WHAT YOU HAVE TO DO: Every record needs to be restated word for word.

SOURCE MATERIAL:

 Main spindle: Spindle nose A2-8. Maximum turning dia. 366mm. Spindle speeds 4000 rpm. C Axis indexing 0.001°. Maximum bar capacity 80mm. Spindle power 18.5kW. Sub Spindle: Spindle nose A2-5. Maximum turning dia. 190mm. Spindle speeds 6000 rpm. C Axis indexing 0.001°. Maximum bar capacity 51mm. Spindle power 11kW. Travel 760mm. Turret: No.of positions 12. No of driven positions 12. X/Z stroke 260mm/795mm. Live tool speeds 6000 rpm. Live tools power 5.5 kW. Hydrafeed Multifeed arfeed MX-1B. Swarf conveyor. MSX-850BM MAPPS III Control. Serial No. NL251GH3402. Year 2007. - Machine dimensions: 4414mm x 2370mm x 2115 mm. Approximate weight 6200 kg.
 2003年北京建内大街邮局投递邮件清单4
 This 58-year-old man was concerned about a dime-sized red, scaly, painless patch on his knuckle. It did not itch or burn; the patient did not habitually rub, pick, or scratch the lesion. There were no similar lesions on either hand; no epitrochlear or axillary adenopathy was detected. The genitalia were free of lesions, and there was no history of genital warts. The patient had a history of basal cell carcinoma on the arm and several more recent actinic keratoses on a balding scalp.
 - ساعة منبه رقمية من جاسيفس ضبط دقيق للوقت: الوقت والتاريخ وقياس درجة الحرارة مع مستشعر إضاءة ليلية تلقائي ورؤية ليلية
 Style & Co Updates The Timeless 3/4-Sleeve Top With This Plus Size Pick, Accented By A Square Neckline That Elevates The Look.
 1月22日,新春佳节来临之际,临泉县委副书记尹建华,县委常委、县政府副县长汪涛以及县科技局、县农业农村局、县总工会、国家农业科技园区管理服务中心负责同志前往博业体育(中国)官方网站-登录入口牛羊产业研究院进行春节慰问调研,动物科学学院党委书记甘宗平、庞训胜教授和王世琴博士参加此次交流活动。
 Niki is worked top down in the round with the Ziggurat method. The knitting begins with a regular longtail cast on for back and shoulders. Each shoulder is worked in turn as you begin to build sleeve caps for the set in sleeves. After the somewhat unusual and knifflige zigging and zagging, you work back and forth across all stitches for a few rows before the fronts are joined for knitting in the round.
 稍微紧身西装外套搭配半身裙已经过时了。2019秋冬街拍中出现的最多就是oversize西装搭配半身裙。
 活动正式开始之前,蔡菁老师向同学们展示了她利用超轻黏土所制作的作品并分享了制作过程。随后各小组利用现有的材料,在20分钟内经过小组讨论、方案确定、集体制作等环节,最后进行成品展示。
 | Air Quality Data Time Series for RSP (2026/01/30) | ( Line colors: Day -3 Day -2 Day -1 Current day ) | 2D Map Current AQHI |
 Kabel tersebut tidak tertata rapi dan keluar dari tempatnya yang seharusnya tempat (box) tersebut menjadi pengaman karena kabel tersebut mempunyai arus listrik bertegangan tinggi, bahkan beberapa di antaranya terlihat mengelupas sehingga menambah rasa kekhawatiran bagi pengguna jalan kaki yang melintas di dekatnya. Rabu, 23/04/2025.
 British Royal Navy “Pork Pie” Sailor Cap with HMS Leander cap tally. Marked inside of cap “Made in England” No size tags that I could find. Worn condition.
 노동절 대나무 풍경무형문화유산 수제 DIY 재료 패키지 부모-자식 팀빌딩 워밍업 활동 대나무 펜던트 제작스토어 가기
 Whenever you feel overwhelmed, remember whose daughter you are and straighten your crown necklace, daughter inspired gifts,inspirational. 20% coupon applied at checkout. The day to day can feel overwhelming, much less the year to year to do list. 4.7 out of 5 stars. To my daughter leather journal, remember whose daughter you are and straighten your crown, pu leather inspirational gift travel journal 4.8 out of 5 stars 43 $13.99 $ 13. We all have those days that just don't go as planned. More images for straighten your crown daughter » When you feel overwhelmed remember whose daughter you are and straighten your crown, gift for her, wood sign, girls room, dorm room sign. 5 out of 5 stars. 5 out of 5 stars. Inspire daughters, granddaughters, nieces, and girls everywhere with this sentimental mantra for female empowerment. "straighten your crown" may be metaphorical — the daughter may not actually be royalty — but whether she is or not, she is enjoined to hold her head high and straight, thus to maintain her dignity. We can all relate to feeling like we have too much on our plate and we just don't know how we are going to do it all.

TASK RESPONSE:
 Main spindle: Spindle nose A2-8. Maximum turning dia. 366mm. Spindle speeds 4000 rpm. C Axis indexing 0.001°. Maximum bar capacity 80mm. Spindle power 18.5kW. Sub Spindle: Spindle nose A2-5. Maximum turning dia. 190mm. Spindle speeds 6000 rpm. C Axis indexing 0.001°. Maximum bar capacity 51mm. Spindle power 11kW. Travel 760mm. Turret: No.of positions 12. No of driven positions 12. X/Z stroke 260mm/795mm. Live tool speeds 6000 rpm. Live tools power 5.5 kW. Hydrafeed Multifeed arfeed MX-1B. Swarf conveyor. MSX-850BM MAPPS III Control. Serial No. NL251GH3402. Year 2007. - Machine dimensions: 4414mm x 2370mm x 2115 mm. Approximate weight 6200 kg.
 2003年北京建内大街邮局投递邮件清单4
 This 58-year-old man was concerned about a dime-sized red, scaly, painless patch on his knuckle. It did not itch or burn; the patient did not habitually rub, pick, or scratch the lesion. There were no similar lesions on either hand; no epitrochlear or axillary adenopathy was detected. The genitalia were free of lesions, and there was no history of genital warts. The patient had a history of basal cell carcinoma on the arm and several more recent actinic keratoses on a balding scalp.
 - ساعة منبه رقمية من جاسيفس ضبط دقيق للوقت: الوقت والتاريخ وقياس درجة الحرارة مع مستشعر إضاءة ليلية تلقائي ورؤية ليلية
 Style & Co Updates The Timeless 3/4-Sleeve Top With This Plus Size Pick, Accented By A Square Neckline That Elevates The Look.
 1月22日,新春佳节来临之际,临泉县委副书记尹建华,县委常委、县政府副县长汪涛以及县科技局、县农业农村局、县总工会、国家农业科技园区管理服务中心负责同志前往博业体育(中国)官方网站-登录入口牛羊产业研究院进行春节慰问调研,动物科学学院党委书记甘宗平、庞训胜教授和王世琴博士参加此次交流活动。
 Niki is worked top down in the round with the Ziggurat method. The knitting begins with a regular longtail cast on for back and shoulders. Each shoulder is worked in turn as you begin to build sleeve caps for the set in sleeves. After the somewhat unusual and knifflige zigging and zagging, you work back and forth across all stitches for a few rows before the fronts are joined for knitting in the round.
 稍微紧身西装外套搭配半身裙已经过时了。2019秋冬街拍中出现的最多就是oversize西装搭配半身裙。
 活动正式开始之前,蔡菁老师向同学们展示了她利用超轻黏土所制作的作品并分享了制作过程。随后各小组利用现有的材料,在20分钟内经过小组讨论、方案确定、集体制作等环节,最后进行成品展示。
 | Air Quality Data Time Series for RSP (2026/01/30) | ( Line colors: Day -3 Day -2 Day -1 Current day ) | 2D Map Current AQHI |
 Kabel tersebut tidak tertata rapi dan keluar dari tempatnya yang seharusnya tempat (box) tersebut menjadi pengaman karena kabel tersebut mempunyai arus listrik bertegangan tinggi, bahkan beberapa di antaranya terlihat mengelupas sehingga menambah rasa kekhawatiran bagi pengguna jalan kaki yang melintas di dekatnya. Rabu, 23/04/2025.
 British Royal Navy “Pork Pie” Sailor Cap with HMS Leander cap tally. Marked inside of cap “Made in England” No size tags that I could find. Worn condition.
 노동절 대나무 풍경무형문화유산 수제 DIY 재료 패키지 부모-자식 팀빌딩 워밍업 활동 대나무 펜던트 제작스토어 가기
 Whenever you feel overwhelmed, remember whose daughter you are and straighten your crown necklace, daughter inspired gifts,inspirational. 20% coupon applied at checkout. The day to day can feel overwhelming, much less the year to year to do list. 4.7 out of 5 stars. To my daughter leather journal, remember whose daughter you are and straighten your crown, pu leather inspirational gift travel journal 4.8 out of 5 stars 43 $13.99 $ 13. We all have those days that just don't go as planned. More images for straighten your crown daughter » When you feel overwhelmed remember whose daughter you are and straighten your crown, gift for her, wood sign, girls room, dorm room sign. 5 out of 5 stars. 5 out of 5 stars. Inspire daughters, granddaughters, nieces, and girls everywhere with this sentimental mantra for female empowerment. "straighten your crown" may be metaphorical — the daughter may not actually be royalty — but whether she is or not, she is enjoined to hold her head high and straight, thus to maintain her dignity. We can all relate to feeling like we have too much on our plate and we just don't know how we are going to do it all.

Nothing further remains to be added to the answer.